Assignment: Repeat the listing below exactly from the line with "유체역학 실전 문제 풀이" through its last line. Skip every picture.

Dataset extract:
====================
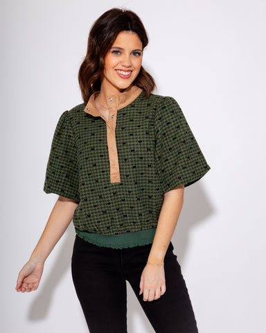 Elevate your style with the Hunter Green Floral Patch Top, featuring a distinctive yellow stripe neck band that adds a vibrant contrast. This uniqu...
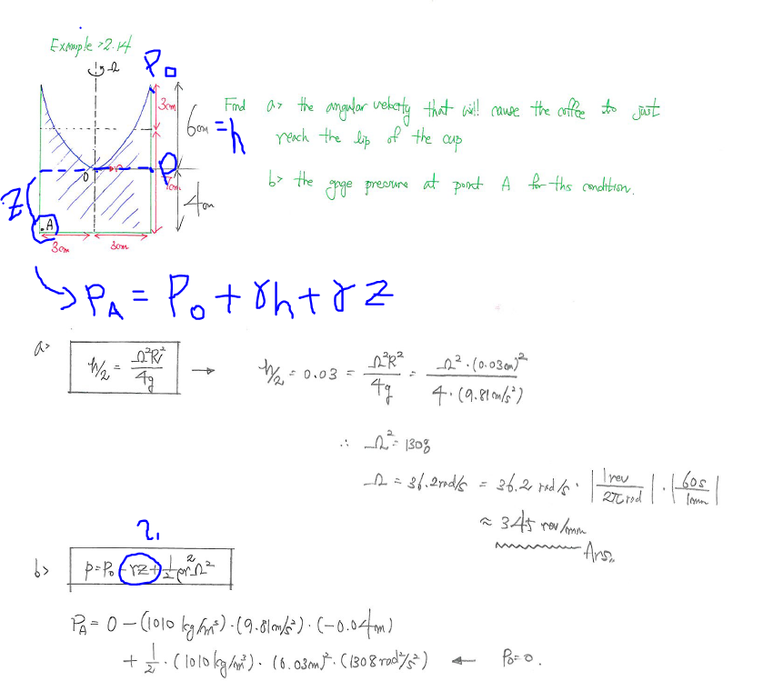 유체역학 실전 문제 풀이 4강에서 첫번째 예제 질문드립니다 교수님께서 등속회전운동에서 point A에서 압력을 첨부된 필기와 같은 식으로 알려주셨습니다. 해당 식에서 -r(비중량)*z에 대한 항이 이해가 되지 않습니다 등속회전운동에서 압력에 대한 식이 P=P0+rh=P0+(비중량*r^2*w^2)/(2*g)인 것은 [유체역학 한방에 끝내기] 강의에서 배웠습니다 예제의 그림에 제가 그려놓은 것과 같이 액체는 아래로 갈 때 압력이 증가한다고 하셨으니 -rz가 아닌 +rz가 되어야 한다고 생각합니다 P(A)= P0+rh+rz가 아닌 -rz항이 들어가는 이유가 궁금합니다. (그림의 필기는 노트북으로 하여 바르지 못합니다 죄송합니다)
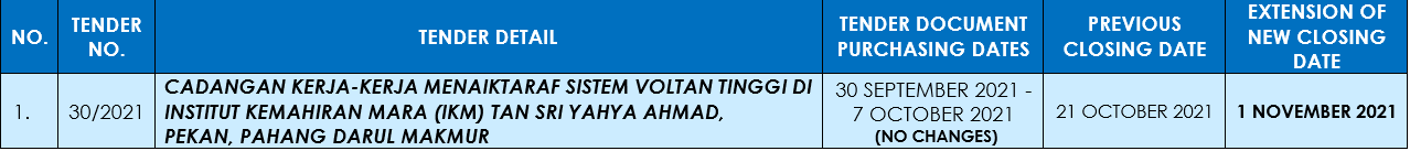EXTENSION OF CLOSING DATE FOR TENDER CADANGAN MEMBINA DAN MENYIAPKAN MAKTAB RENDAH SAINS MARA (MRSM) KETEREH, DI ATAS TANAH LOT 3689, MUKIM PERINGAT, DAERAH PERINGAT, JAJAHAN KOTA BHARU, KELANTAN DARUL NAIM (TENDER 33/2021)
====================
Reply to the exercise:
 유체역학 실전 문제 풀이 4강에서 첫번째 예제 질문드립니다 교수님께서 등속회전운동에서 point A에서 압력을 첨부된 필기와 같은 식으로 알려주셨습니다. 해당 식에서 -r(비중량)*z에 대한 항이 이해가 되지 않습니다 등속회전운동에서 압력에 대한 식이 P=P0+rh=P0+(비중량*r^2*w^2)/(2*g)인 것은 [유체역학 한방에 끝내기] 강의에서 배웠습니다 예제의 그림에 제가 그려놓은 것과 같이 액체는 아래로 갈 때 압력이 증가한다고 하셨으니 -rz가 아닌 +rz가 되어야 한다고 생각합니다 P(A)= P0+rh+rz가 아닌 -rz항이 들어가는 이유가 궁금합니다. (그림의 필기는 노트북으로 하여 바르지 못합니다 죄송합니다)
EXTENSION OF CLOSING DATE FOR TENDER CADANGAN MEMBINA DAN MENYIAPKAN MAKTAB RENDAH SAINS MARA (MRSM) KETEREH, DI ATAS TANAH LOT 3689, MUKIM PERINGAT, DAERAH PERINGAT, JAJAHAN KOTA BHARU, KELANTAN DARUL NAIM (TENDER 33/2021)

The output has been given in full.